Work to be completed - Transcribe everything in the listing below exactly, except the pictures.

Data below -
☆ ☆ ☆ ☆ ☆ ☆ ☆

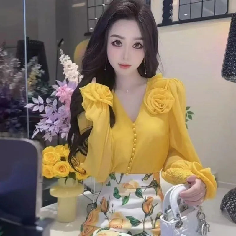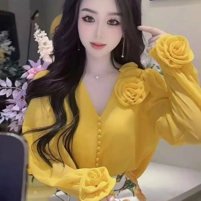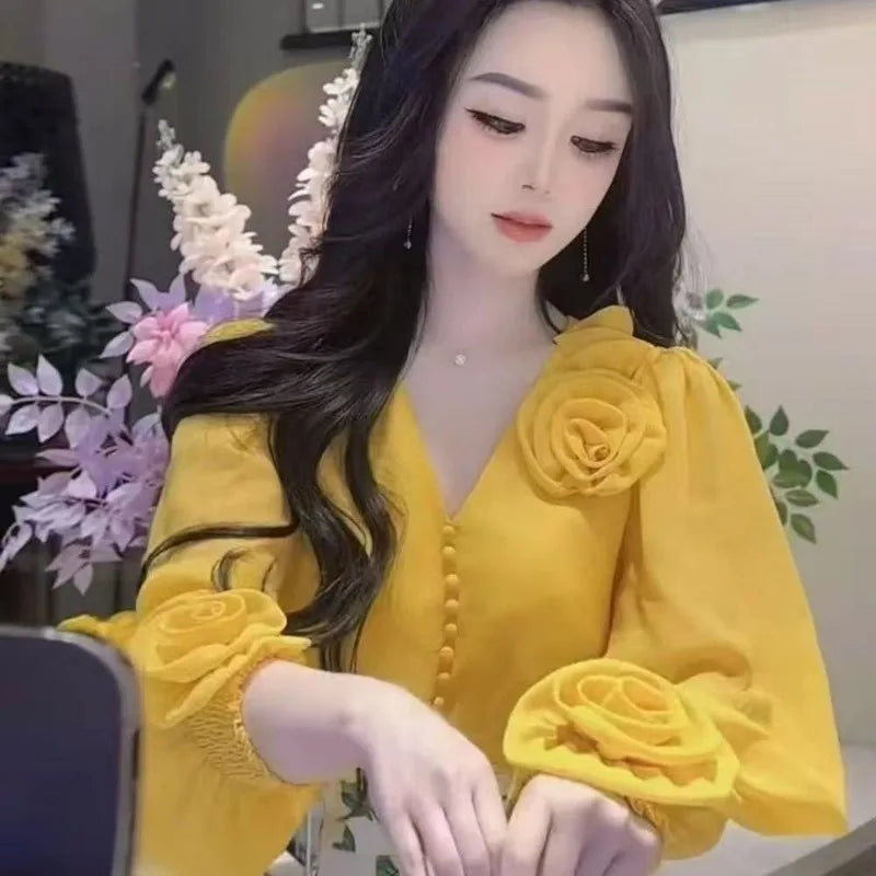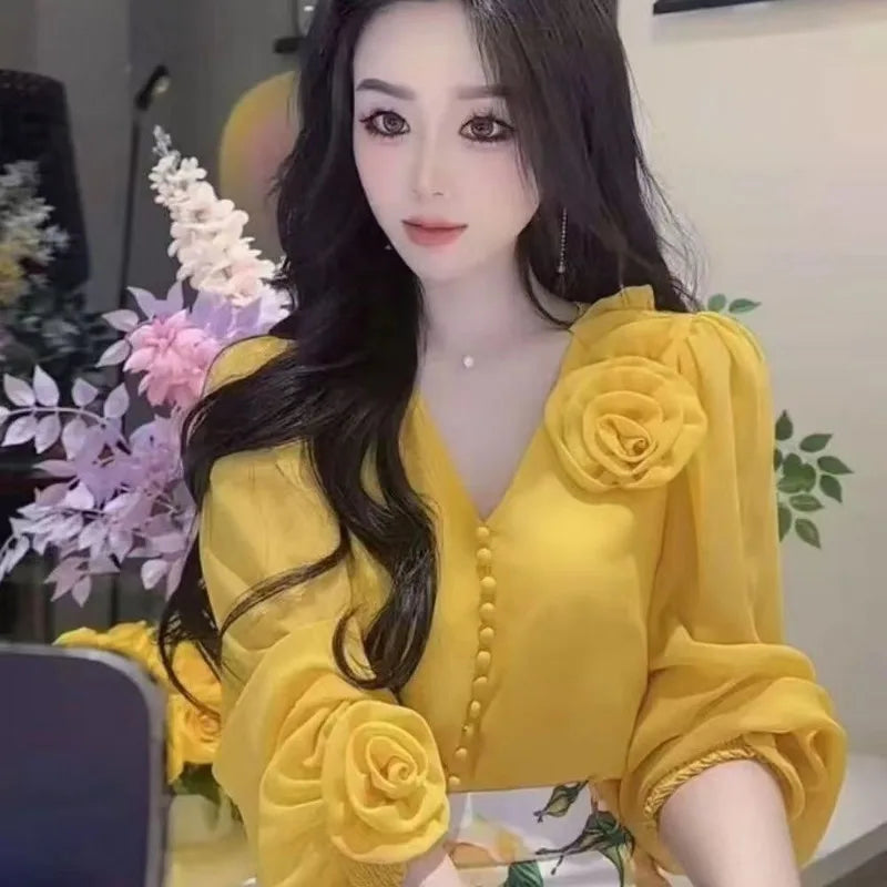 Elegant V-Neck Solid Color Flower Print Loose Long Sleeve Blouse for Women Spring New Arrival
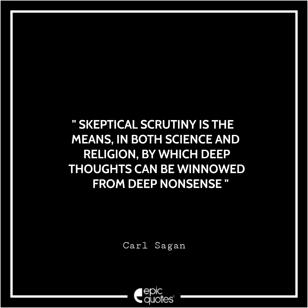 29 Skeptical scrutiny is the means, in both science and religion, by which deep thoughts can be winnowed from deep nonsense. Carl Sagan
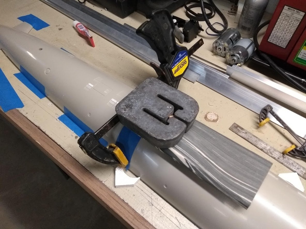 The aft section is taped to the bench to hold it in position for the glue-up.

☆ ☆ ☆ ☆ ☆ ☆ ☆

Answer section -
 Elegant V-Neck Solid Color Flower Print Loose Long Sleeve Blouse for Women Spring New Arrival
 29 Skeptical scrutiny is the means, in both science and religion, by which deep thoughts can be winnowed from deep nonsense. Carl Sagan
 The aft section is taped to the bench to hold it in position for the glue-up.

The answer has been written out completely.